Median home prices in the Aloha State are close to seven times median family incomes, compared with a national average of well under three times incomes. Such high costs — combined with similarly high costs of business real estate — slow economic growth, contribute to wealth inequality, and have especially severe impacts on low-income families.
Hawaii’s housing prices are so high in urban Honolulu that low-income families have been forced out. Between 2000 and 2010, the population of urban Honolulu grew by 12 percent while the number of blacks living there declined by 4 percent. Since per capita incomes of blacks have consistently been around 60 percent of whites’, this population trend is a bellwether for unfair housing practices.
Last June, a U.S. Supreme Court decision in a case titled Texas Department of Housing v. Inclusive Communities Project found that any policy that makes housing more expensive violates the Fair Housing Act unless it can be “justified by a legitimate rationale.” A rule requiring sewer hookups to protect public health may be legitimate; a rule to protect farmlands is probably not legitimate as both Hawaii and the nation have an abundance of such lands.
The Hawaii Legislature first passed the state’s land-use law, which effectively put more than 90 percent of the state off-limits to development, in 1961. At the time, legislators claimed the reason was to protect the state’s agriculture industry.

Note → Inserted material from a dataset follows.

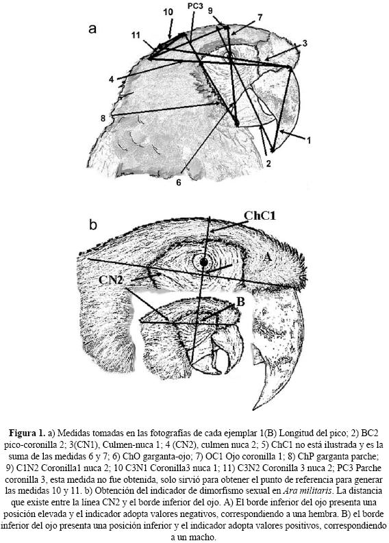 Con fundamento en experiencias previas (Bonilla et al. 2007a, 2007b, Martínez & Bonilla 2008) y teniendo como hipótesis que algunas de las diferencias sexuales morfológicas se encuentran en la forma de la cabeza y en el tamaño y disposición de las diferentes estructuras observables en su perfil, se propone obtener un total de 11 medidas lineales a partir de fotografías de perfil de la cabeza de cada ejemplar; tres de ellas fueron determinadas a partir de dos líneas imaginarias pero identificables y trazables (Fig. 1a). El trabajar con fotografías probó ser un método eficaz, sin generar problemas para la medición de las medidas lineales de la cabeza. El tomar estas medidas sobre el animal vivo implicaría un manejo que estresa al animal y que hace muy complicado que la toma de las medidas sea estandarizada, con lo que se provocarían sesgos mayores que con las fotografías, que son fijas. Las fotografías han de tomarse de perfil, en un plano lo más transversal posible con respecto al plano de la cara. Debe apreciarse claramente el ojo, el pico y el perfil de la cabeza completa, así como el parche facial sin plumas (Fig. 1). De preferencia no debe utilizarse la foto si ésta fue tomada durante alguna vocalización que implique un movimiento significativo del pico.

Far from protecting agriculture, it destroyed it, as growers and canners of pineapple, sugar cane and other crops cannot afford to pay workers enough for them to afford housing and still compete with farms in Fiji, Costa Rica and other countries. Between 1982 and 2007, the number of acres used for growing crops in Hawaii declined by nearly 60 percent.
Advocates of the land-use law also argue that it is needed to reduce urban service costs, as it is less expensive to serve a compact community than one that is spread out. But what good is a small reduction in urban service costs when housing prices are tripled?
According to regulations from the U.S. Department of Housing and Urban Development, if the goals that the land-use restrictions are meant to achieve could be reached in some other way that doesn’t make housing less affordable, then the restrictions also violate the fair housing law. All of the reasons given for Hawaii’s land-use law are either not legitimate or could be achieved without making housing less affordable.
Oahu, Maui and Hawaii have responded to their housing affordability problems by passing “inclusionary zoning” mandates that require developers to sell a specific share of the homes they build to lower income families at less than market rates. But inclusionary zoning itself violates the Fair Housing Act because it makes housing less affordable for all but the lucky few who get to buy or rent the below-market homes.
Research has shown that developers respond to inclusionary zoning mandates by building fewer homes and selling the market-rate homes they build for higher prices to compensate for their losses on the so-called affordable homes. When the price of new homes goes up, owners of existing homes also raise their prices, so all homebuyers except the lucky few to get an “affordable” home end up paying more.
To make matters worse, MIT economist Matthew Rognlie has shown that rising wealth inequality is due almost solely to rising housing prices (www.brookings.edu/~/media/Projects/BPEA/Spring-2015/2015a_rognlie.pdf ?la=en). Wealth inequality in America reached a low point in 1970, when housing was affordable almost everywhere and median home prices in Hawaii were only a little over three times median family incomes.
Since then, states and urban areas have applied such policies to regions containing nearly half the housing in the nation, leading wealth inequality to grow as people who already owned homes received windfalls while people who didn’t were forced to either go heavily into debt or were shut out of the housing market. Ironically, the main cause of the wealth inequality that progressives decry is the land-use regulation that progressives promote.
In short, urban-containment and many other land-use policies that make housing less affordable, including lengthy permitting processes, excessive impact fees and affordable-housing mandates, all appear to violate the Fair Housing Act. Ending these policies would help revitalize Hawaii’s economy and create new opportunities for low-income people.